Roy tried to speak but had no words.
“I hate him,” Elle whispered. “I hate him so much.”
James listened thoughtfully.
“Roy Burke, here’s my offer.” Tapp paused for half a breath and let it sink in. “If you kill James, I’ll . . . kill you and our business is done. If you don’t kill James, I still kill you. But then our business isn’t done. I go after your family.”
“Don’t listen to him,” Elle said. “He’s playing you.”
Roy winced. “Shut up.”
“He’s trying to turn us on each other. He’s afraid of James—”
“Your house, Roy-boy, is on 126 Tyler Road in the town of Prim. Sixty miles down the Plainsway, give or take.” Tapp’s voice came in startlingly clear, like he was crouched among them. “I don’t know what you were doing with those two girls, but it’s not my business. Your wife Liza is . . . ah, twenty-three. Your daughter is almost two. I’ll come in tonight, after dark, when things have settled and Emma is in her crib. I’ll kick in the back door and I’ll come in with a suppressed pistol. I’ll go room by room, inch by inch, and I will kill everyone I find with two shots to the sternum and one to the forehead. Young. Old. Awake. Sleeping. Nothing in that house will survive. Do you have a dog or cat? I’ll kill them, too. I’ll . . . I’ll pour bleach in the fucking fish tank. Do you hear me, Roy Burke? Is this getting to you?”
Roy shuddered.
Elle pressed her hands to her mouth. “How does he know this?”
“Kill James Eversman.” Tapp sniffed and spat. “Kill him now.”
Silence.
Roy quietly set the radio down.
“I . . .” James hesitated. What can you possibly say to that?
Roy stared at the radio on the ground for a long moment, broad shoulders sloped, eyelids fluttering, and then he slowly crawled his eyes up to find James. His palms were flat on his knees but his knuckles had subtly tightened. Gears were turning behind his eyes.

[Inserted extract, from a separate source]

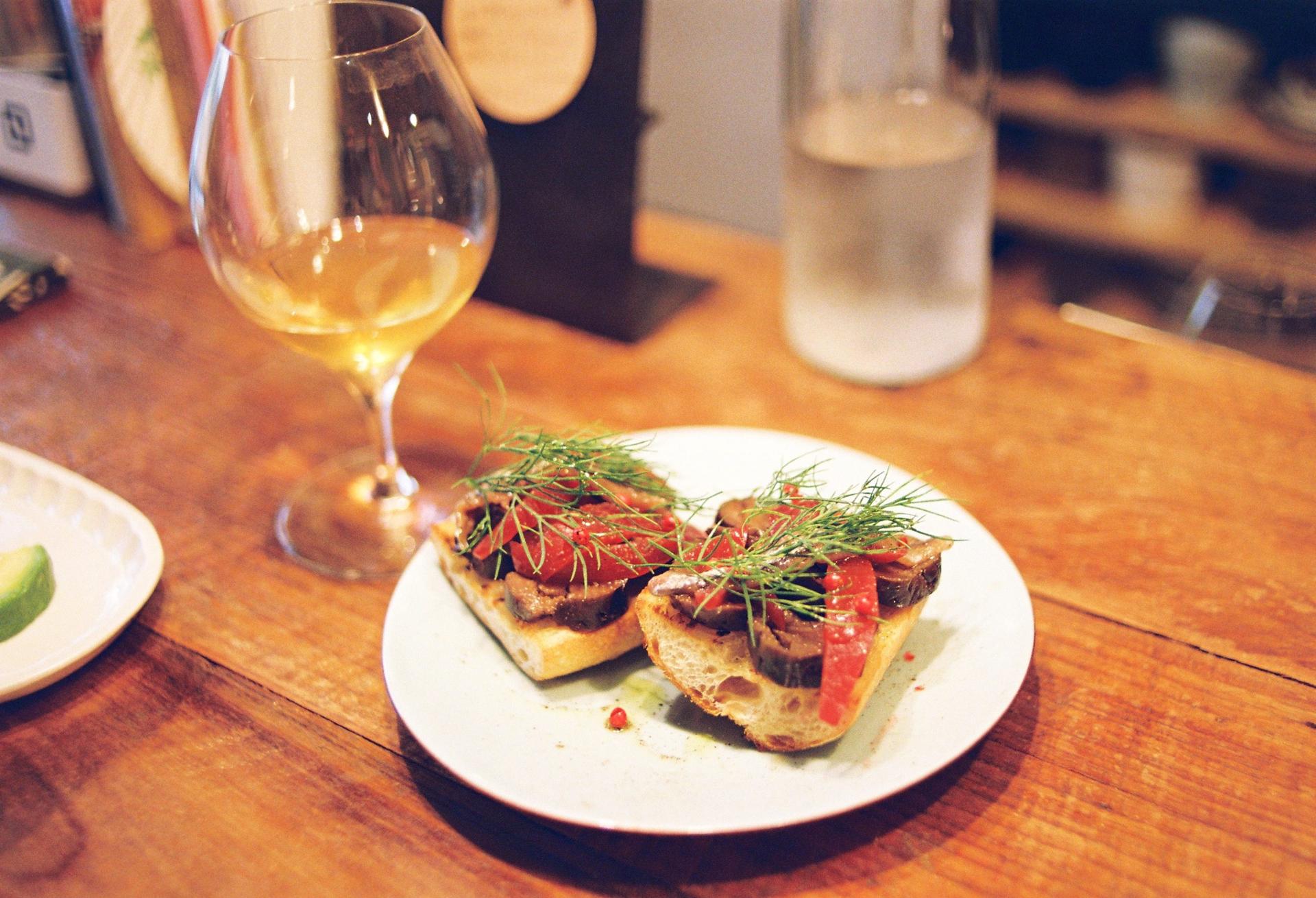 旬の食材を使った創作料理に、視覚も味覚も大喜び。愛媛のアンチョビと茄子のブルスケッタ(2切れ900円)。酸味が効いていて白ワインとマッチ。

“Trust me,” James said unconvincingly. “Just . . . trust me.”
He tried to put himself in Roy’s shoes but couldn’t. A small part of him wondered if maybe this was the preferable outcome. By getting killed here by Roy he could potentially save two lives. Viewed from another angle, wasn’t that the morally correct choice? Sacrifice of self for strangers? Maybe the old James would have bought that. This new James sure didn’t. In fact, new James was just getting pissed off.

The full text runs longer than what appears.